Pablo Larraín’s “Neruda,” starring Mexico’s Luis Gnecco and Gael García Bernal, represents “a stunningly inventive take on the function rather than the life of a writer,” according to Variety. It has been nominated for a Golden Globe and took four awards at Decemeber’s Fenix Ibero-American Film Awards, plus Best Feature at the London Film Festival. The third Chilean feature entry in the first longlist is Alejandro Fernández Almendras’ “Much Ado About Nothing,” a legal underscoring the impunity before justice, or that’s how the director sees it, of Chile’s ruling classes.

Most countries compete for best feature with three productions, with the exception of smaller industries territories, such as Guatemala, Ecuador, Panama and Paraguay, which have two entries. Interestingly, one of them, Paraguay’s “Guaraní,” from Luis Zorraquín, a father-daughter relationship drama come road movie set on the Parana River, is one of the titles selected to vie for Platino honors in most categories – seven in all.

Other features set to compete for a broad range of potential awards include J. A. Bayona’s “A Monster Calls,” – a challenger in eight categories, – Ariel Rotter’s Berlin Jury Grand Prix Winner “Incident Light” – up for six – and Gastón Duprat and Mariano Cohn’s “The Distinguished Citizen” in play for five. “The Distinguished Citizen” won Best Actor for Oscar Martinez at September’s Venice Festival. Produced out of Spain by Apaches Ent., Telecinco Cinema and Películas La Trini, and sold by Lionsgate, Liam Neeson starring “A Monster Calls” has earned $43 million worldwide.
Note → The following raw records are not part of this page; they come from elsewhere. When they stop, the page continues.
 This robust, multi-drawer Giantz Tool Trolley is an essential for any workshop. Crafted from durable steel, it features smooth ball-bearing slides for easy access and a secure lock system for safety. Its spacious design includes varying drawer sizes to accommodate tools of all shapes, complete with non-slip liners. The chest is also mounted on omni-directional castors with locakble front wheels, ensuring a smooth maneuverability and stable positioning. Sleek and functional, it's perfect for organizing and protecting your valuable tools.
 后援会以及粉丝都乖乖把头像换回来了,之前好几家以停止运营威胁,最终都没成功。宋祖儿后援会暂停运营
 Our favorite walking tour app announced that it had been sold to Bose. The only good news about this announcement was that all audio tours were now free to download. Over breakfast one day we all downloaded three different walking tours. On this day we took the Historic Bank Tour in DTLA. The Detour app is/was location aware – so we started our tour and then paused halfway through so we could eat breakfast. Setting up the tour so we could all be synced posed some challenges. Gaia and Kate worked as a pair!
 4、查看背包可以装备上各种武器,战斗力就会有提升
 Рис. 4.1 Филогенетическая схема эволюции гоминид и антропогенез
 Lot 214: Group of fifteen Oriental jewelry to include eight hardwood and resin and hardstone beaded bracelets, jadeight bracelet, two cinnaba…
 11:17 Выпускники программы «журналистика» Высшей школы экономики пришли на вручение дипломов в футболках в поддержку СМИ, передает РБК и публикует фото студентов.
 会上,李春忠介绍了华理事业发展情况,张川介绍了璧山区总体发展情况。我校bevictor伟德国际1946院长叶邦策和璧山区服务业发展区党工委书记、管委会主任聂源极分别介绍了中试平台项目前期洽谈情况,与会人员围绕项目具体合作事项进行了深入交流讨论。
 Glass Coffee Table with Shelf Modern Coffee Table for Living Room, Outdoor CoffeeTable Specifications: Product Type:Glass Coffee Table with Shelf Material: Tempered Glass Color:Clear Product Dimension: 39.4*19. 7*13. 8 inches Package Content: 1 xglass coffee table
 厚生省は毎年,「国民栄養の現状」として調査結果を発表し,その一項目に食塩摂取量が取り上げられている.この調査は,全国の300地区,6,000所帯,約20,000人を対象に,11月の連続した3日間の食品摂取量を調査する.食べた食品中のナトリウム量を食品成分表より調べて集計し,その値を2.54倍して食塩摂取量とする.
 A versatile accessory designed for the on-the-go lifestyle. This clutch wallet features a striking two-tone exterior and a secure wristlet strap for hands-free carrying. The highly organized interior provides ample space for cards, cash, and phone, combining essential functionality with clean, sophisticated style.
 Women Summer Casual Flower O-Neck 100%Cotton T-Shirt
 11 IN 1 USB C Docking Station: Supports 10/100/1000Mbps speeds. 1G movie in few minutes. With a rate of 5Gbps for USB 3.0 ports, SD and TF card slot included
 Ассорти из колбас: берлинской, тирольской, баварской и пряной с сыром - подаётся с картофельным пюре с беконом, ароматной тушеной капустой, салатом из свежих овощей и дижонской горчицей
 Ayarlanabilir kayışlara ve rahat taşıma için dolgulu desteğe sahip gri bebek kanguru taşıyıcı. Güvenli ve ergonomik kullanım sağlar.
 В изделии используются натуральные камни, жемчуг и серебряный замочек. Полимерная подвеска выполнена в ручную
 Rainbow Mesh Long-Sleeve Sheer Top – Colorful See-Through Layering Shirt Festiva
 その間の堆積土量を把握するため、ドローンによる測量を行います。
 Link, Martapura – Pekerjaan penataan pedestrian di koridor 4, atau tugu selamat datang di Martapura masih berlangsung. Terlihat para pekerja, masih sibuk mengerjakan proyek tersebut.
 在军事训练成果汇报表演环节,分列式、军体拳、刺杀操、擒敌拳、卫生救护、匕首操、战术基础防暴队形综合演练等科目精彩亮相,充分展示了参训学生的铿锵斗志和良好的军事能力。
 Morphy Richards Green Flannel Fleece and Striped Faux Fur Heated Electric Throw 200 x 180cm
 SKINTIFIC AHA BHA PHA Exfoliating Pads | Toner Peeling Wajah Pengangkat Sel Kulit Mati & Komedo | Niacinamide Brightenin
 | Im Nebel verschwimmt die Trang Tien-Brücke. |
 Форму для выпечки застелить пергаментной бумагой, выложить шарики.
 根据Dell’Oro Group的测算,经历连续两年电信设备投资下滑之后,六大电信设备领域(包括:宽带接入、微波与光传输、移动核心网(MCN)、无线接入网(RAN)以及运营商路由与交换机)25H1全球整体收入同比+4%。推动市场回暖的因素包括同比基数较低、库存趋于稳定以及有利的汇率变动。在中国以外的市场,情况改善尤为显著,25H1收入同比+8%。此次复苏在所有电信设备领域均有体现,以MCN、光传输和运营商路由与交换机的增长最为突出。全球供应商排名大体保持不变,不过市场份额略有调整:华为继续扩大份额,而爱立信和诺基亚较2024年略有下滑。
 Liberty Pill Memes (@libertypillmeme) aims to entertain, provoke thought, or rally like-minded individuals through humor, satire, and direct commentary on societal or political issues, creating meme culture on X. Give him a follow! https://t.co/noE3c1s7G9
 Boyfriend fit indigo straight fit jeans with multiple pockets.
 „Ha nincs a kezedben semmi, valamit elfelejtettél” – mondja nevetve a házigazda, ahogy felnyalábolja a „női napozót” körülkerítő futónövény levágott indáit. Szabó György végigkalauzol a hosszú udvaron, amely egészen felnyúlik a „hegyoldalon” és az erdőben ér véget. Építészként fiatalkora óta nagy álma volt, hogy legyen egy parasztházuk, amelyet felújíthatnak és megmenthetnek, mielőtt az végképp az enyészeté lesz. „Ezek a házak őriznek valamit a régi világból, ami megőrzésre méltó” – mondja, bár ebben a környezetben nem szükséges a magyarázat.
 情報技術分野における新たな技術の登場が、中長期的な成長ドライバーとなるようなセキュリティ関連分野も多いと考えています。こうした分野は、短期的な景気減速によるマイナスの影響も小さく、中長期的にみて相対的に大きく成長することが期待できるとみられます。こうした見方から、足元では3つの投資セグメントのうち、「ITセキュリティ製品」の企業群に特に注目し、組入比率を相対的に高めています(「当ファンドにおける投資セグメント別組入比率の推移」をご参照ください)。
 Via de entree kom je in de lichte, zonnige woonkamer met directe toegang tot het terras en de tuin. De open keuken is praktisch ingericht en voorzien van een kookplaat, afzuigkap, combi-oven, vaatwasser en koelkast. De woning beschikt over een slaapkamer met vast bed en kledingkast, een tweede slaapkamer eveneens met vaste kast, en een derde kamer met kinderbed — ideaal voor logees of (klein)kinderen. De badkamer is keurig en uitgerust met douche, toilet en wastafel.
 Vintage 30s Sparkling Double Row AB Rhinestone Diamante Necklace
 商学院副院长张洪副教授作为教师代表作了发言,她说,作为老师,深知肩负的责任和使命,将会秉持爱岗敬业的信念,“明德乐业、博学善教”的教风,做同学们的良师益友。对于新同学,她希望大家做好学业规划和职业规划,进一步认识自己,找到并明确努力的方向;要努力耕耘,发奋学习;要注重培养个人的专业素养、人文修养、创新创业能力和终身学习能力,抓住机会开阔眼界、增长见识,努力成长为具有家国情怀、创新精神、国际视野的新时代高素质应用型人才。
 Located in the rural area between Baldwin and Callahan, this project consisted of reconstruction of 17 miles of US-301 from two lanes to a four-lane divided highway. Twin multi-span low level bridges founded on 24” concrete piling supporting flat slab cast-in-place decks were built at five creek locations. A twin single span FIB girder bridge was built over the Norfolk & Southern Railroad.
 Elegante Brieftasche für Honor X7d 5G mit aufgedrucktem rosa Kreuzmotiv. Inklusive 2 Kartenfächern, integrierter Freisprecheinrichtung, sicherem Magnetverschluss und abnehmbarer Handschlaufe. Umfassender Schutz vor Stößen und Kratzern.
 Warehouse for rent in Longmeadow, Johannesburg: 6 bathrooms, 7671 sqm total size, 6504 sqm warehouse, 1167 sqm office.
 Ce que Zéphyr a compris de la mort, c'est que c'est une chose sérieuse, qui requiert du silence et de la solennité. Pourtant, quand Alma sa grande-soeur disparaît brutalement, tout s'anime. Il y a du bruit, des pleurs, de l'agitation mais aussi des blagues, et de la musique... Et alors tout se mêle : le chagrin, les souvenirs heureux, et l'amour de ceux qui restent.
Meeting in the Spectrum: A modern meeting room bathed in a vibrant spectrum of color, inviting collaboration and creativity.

Other movies contending for the 2017 Best Feature Platino Award are Kleber Mendonça Filho’s “Aquarius” and Gabriel Mascaro’s “Neon Bull,” both from Brazil, Jonás Cuarón’s “Desierto,” a Mexico-U.S. production, Celso García’s “The Thin Yellow Line” (Mexico), and Lorena Muñoz’s “I Am Gilda, The Latin Music Saint” (Argentina).

Spain has a notable presence in the animation section where it accounts for three of the five movie in contention for best animated feature: Alberto Vázquez and Perdo Rivero’s “Psiconautas, the Forgotten Children,” Alberto Rodríguez and Nacho La Casa’s “Ozzy,” and Agurtzane Intxaurraga’s “Teresa & Tim.”

The Platino Awards ceremony will take place in Madrid in July.